The credit is available to you in 2022, if you:

  • are 18 or older,
  • are not a full-time student,
  • are not claimed as a dependent on someone else’s return, and
  • have adjusted gross income (shown on your tax return for the year of the credit) that does not exceed:
    • $68,000 if you are married filing jointly,
    • $51,000 if you are a head of household with a qualifying person, or
    • $34,000 if you are single or married filing separately.

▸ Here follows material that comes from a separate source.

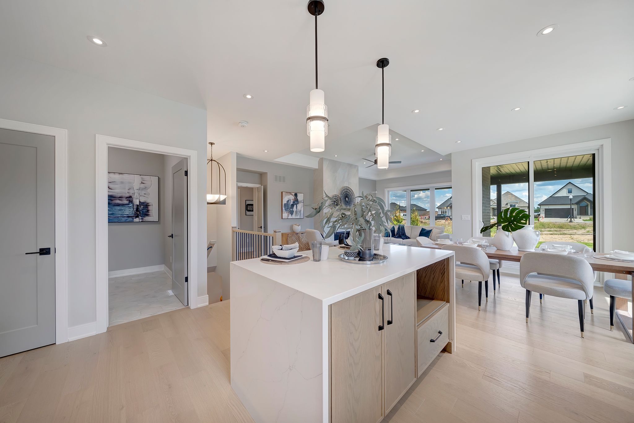 Welcome to watercrest at hunters pointe - an exclusive 55+ active adult community in north welland, in the heart of niagara. This is one of the final releases from lucchetta homes, known for thoughtful design, bold architecture, and high-quality finishes that stand the test of time. Enjoy resort-style living with monthly fees of $265 that include full access to a private clubhouse featuring a saltwater indoor pool, fitness centre, hot tub, sauna, games room, library, banquet hall, tennis and pickleball courts. Lawn care, driveway snow removal, and monitored security are also included - offering unmatched lifestyle value. This exterior model, the haven, delivers 2,169 sq ft of finished living space with 2+1 bedrooms, 3 bathrooms, and a double garage. The layout is open and airy with 9 ft ceilings, a cathedral great room, and oversized windows that flood the space with light. A covered rear deck extends your living space outdoors. Built to energy star standards, this home exceeds ontario building code performance by 20% with efficient mechanicals, smart insulation, and premium materials. Outside, the brick, stone, and stucco façade is paired with an asphalt driveway, irrigation system, and clean landscape design. Interior finishes mirror the completed "model i" (see listing photos): hardwood flooring, quartz counters, pot lights, tiled shower surrounds, and a stunning kitchen with full custom cabinetry, dovetail drawers, under-cab lighting, and tile backsplash. The great room centres around a gas fireplace with 24x24" tile surround and white oak mantel. White oak railings with glass inserts, flush vents, and elevated trim details complete the space. The primary suite features crown moulding, a wallpaper accent wall, pendant lighting, and a luxurious ensuite with heated tile floors, tiled niche, and bold black shower base. The finished basement offers vinyl plank floors, a large rec room (optional wet bar), an additional bedroom, and a full bath. Schedule a tour today!

The annual contribution eligible for the credit may have to be reduced by any taxable distributions from a retirement plan or IRA that you or your Spouse receive during the year you claim the credit, during the 2 preceding years, or during the period after the end of the year for which you claim the credit and before the due date for filing your return for that year. A distribution from a Roth IRA that is not rolled over is taken into account for this reduction, even if the distribution is not taxable. After these reductions, the maximum annual contribution eligible for the credit per person is $2,000. The amount of your saver's credit will not change the amount of your refundable tax credits. A refundable tax credit, such as the earned income credit or the refundable amount of your child tax credit, is an amount that you would receive as a refund even if you did not otherwise owe any taxes. The amount of your saver's credit in any year cannot exceed the amount of tax that you would otherwise pay (not counting any refundable credits or the adoption credit) in any year. If your tax liability is reduced to zero because of other nonrefundable credits, such as the Hope Scholarship Credit, then you will not be entitled to the saver’s credit.